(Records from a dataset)
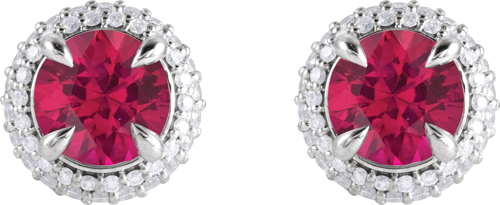 Description: Lab-Grown Ruby And 1/2 CTW Lab-Grown Diamond 4-Claw Prong Pre-Notched Double Halo-Style Earrings
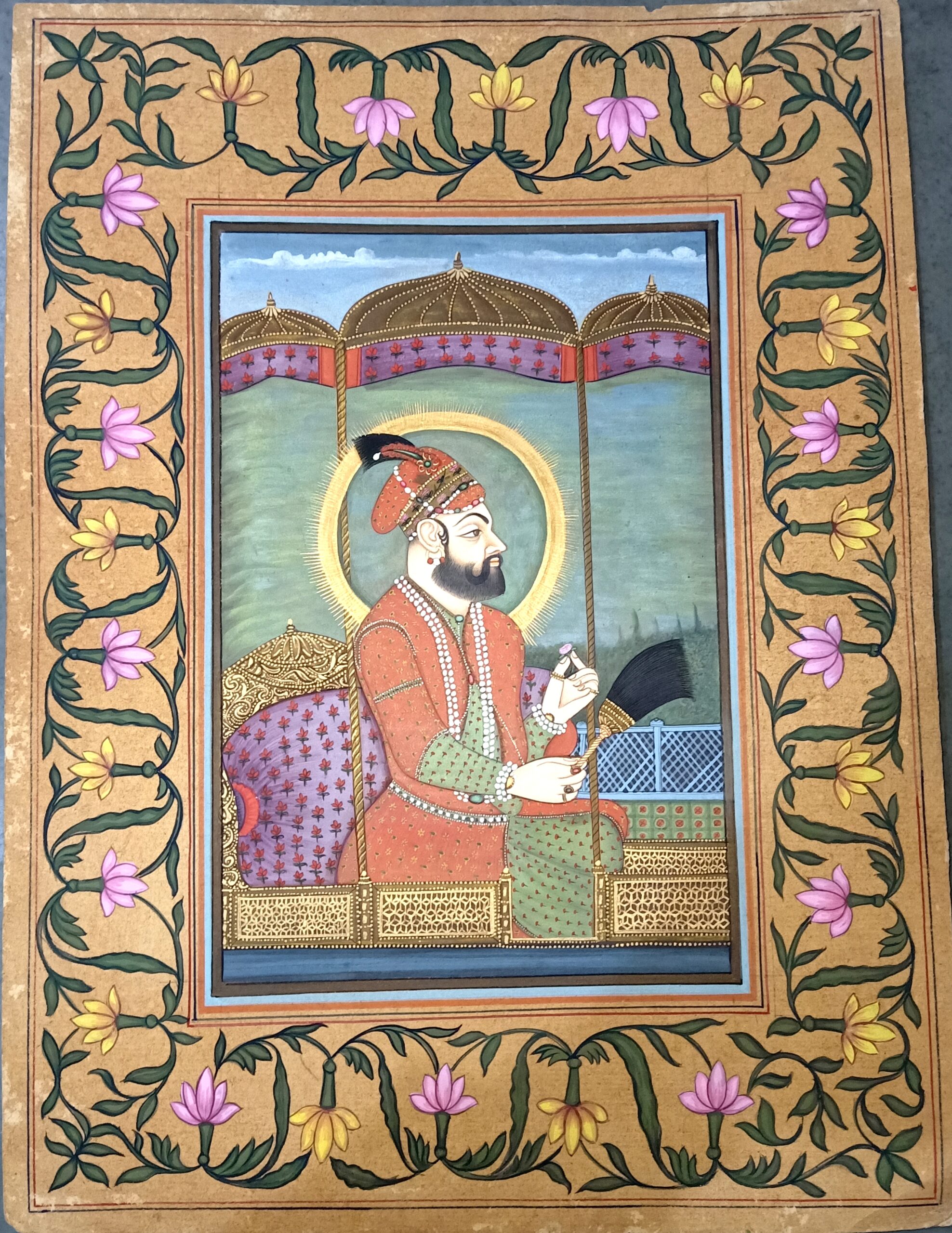 Rajputana Maharajah Portrait Handmade Painting with Floral Border
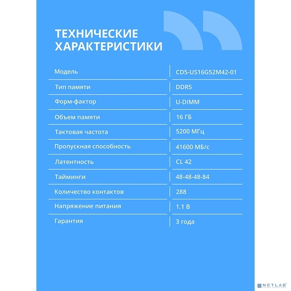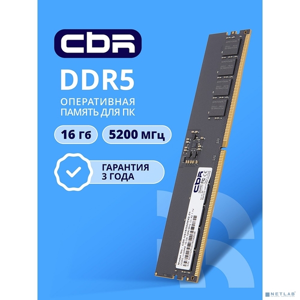 Оперативная память CBR DDR5 DIMM (UDIMM) 16GB CD5-US16G52M42-01 PC5-41600, 5200MHz, CL42, 1.1V купить в интернет-магазине TPShop.Ru. Наличный и безналичный расчет, розничные и оптовые продажи. Самовывоз, доставка по Москве и МО, отправка во все регионы России.
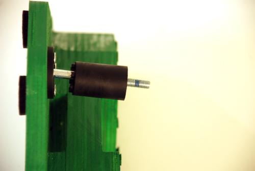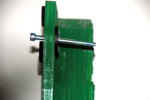 Step 2: Put long hex bolt through the hole in the base from the bottom. It should stick out of the top of the circular piece you just attached. |
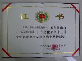 2006年8月荣获“全区两个文明建设经验交流会中国内蒙古第三届国际草原文化节暨首届鄂尔多斯国际文化节专业文艺调演”演出特别奖
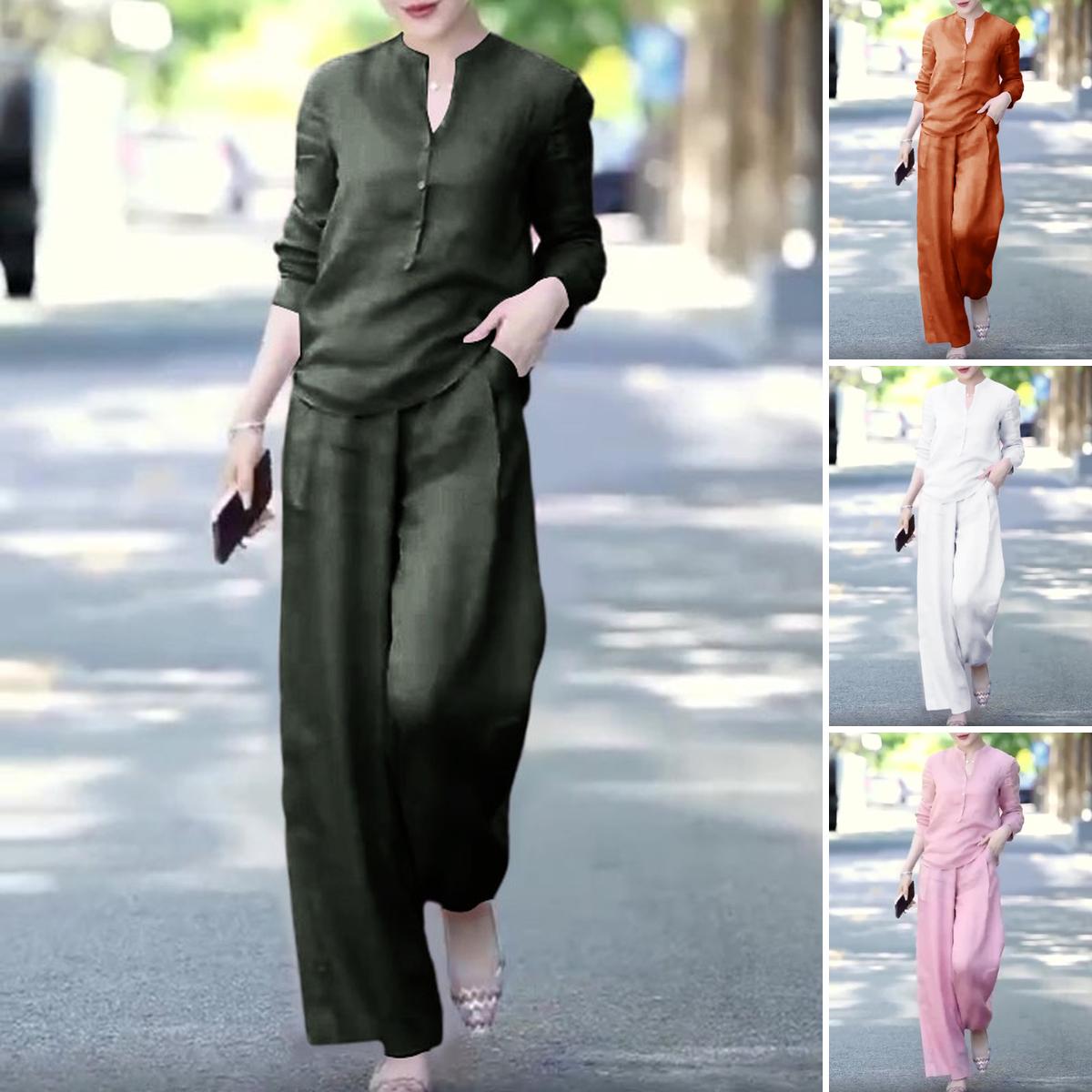 【diskon waktu terbatas】Pakaian baju lengan panjang, celana pinggang elastik kaki lurus, kain kualitas tinggi

_THE TASK_
All of the entries above must be reproduced exactly, and no image may be included.

_EXERCISE RESPONSE_
 Description: Lab-Grown Ruby And 1/2 CTW Lab-Grown Diamond 4-Claw Prong Pre-Notched Double Halo-Style Earrings
 Rajputana Maharajah Portrait Handmade Painting with Floral Border
 Оперативная память CBR DDR5 DIMM (UDIMM) 16GB CD5-US16G52M42-01 PC5-41600, 5200MHz, CL42, 1.1V купить в интернет-магазине TPShop.Ru. Наличный и безналичный расчет, розничные и оптовые продажи. Самовывоз, доставка по Москве и МО, отправка во все регионы России.
 Step 2: Put long hex bolt through the hole in the base from the bottom. It should stick out of the top of the circular piece you just attached. |
 2006年8月荣获“全区两个文明建设经验交流会中国内蒙古第三届国际草原文化节暨首届鄂尔多斯国际文化节专业文艺调演”演出特别奖
 【diskon waktu terbatas】Pakaian baju lengan panjang, celana pinggang elastik kaki lurus, kain kualitas tinggi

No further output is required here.